Optane has little significance for consumers with being other medium cache is the top use as of right now. Optane for data centers has more uses for its specific qualities.
"They're still reliable. I rarely see Intel SSD's fail"
Depends on the definition of failure. The latency of the 660p is pretty fail in some books. The other drawbacks are also failures in that, no matter how much they're papered-over by "SLC" cache and the like — they still exist.
The only thing QLC has going for it is 30% density. How far will we chase diminishing density returns? PLC? HLC?
We can't build decent NAND on leading-edge processes, even if the capacity was available. There's only so many things they can do to drive up bits per dollar. There's a growing demand for more capacity for the money. I don't know how far they'll go beyond QLC, but QLC NAND isn't going away any time soon.
With that being said, I still use MLC for my main drive, and QLC for secondary storage only.

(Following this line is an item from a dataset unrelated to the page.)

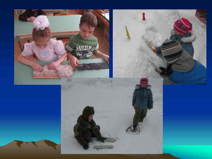 Из каких материалов сделаны лыжи? – Лыжи делали из коры деревьев, шкур животных (лося, оленя, нерпы), веток или дощечек. – Мех для лыж выбирали с коротким ворсом. Почему же мех должен быть коротким, а не длинным? Потому что такие лыжи не проскальзывают при подъеме в гору. И мы с друзьями это проверили!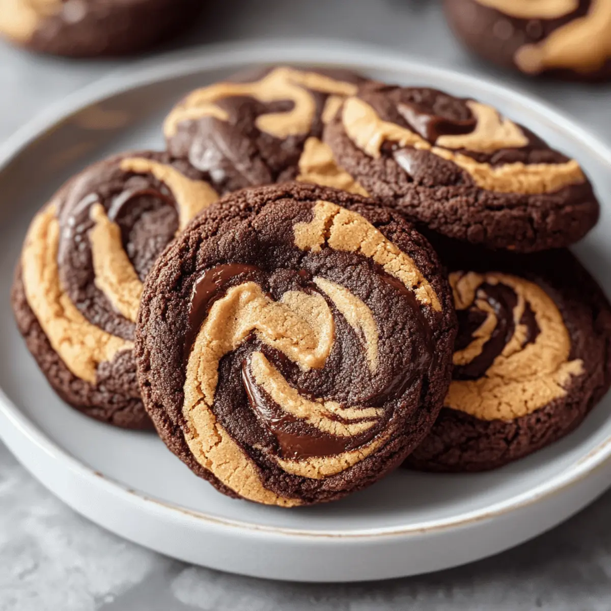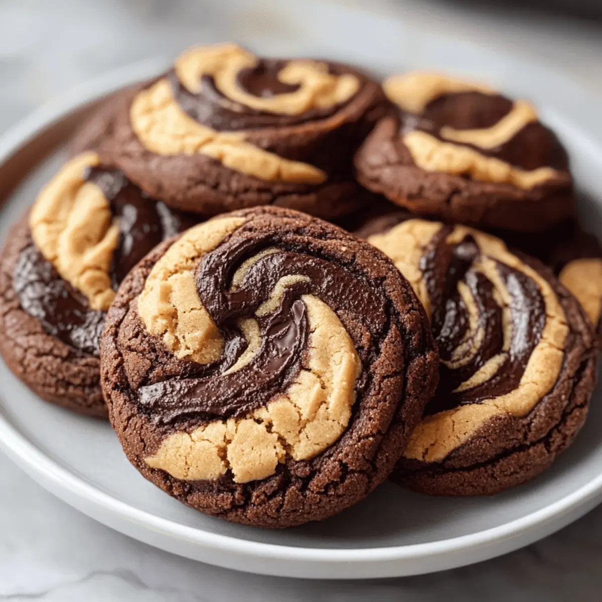 Consistent Sizing: Use a cookie scoop for uniform balls of dough. This ensures even baking and delightful, evenly-sized Chocolate Peanut Butter Swirl Cookies.

fairly sure first-gen Optane did not perform as well as intel hoped for. The biggest problem for them was that they could not max pcie(3) 4x speeds like Nand manufacturers could while still costing more. Add there a fact that it seems that there is a bottleneck somewhere else. Since game load times do not significantly go down even when using ramdisk I am fairly sure the issue is somewhere between how windows reads files and how games or game-engine uses that interface. If CPU was the issue it would be utilized 100% when reading files ( which is not the case at least for me) if it was because of disks using ramdisk should show greater improvement. Sadly for intel Optane for storage falls into this pit where other people's screwups make it kinda useless unless you are in server environment where request queue always has plenty of things to do. Hopefully this bottleneck gets fixed at some point and we can enjoy even lower load times.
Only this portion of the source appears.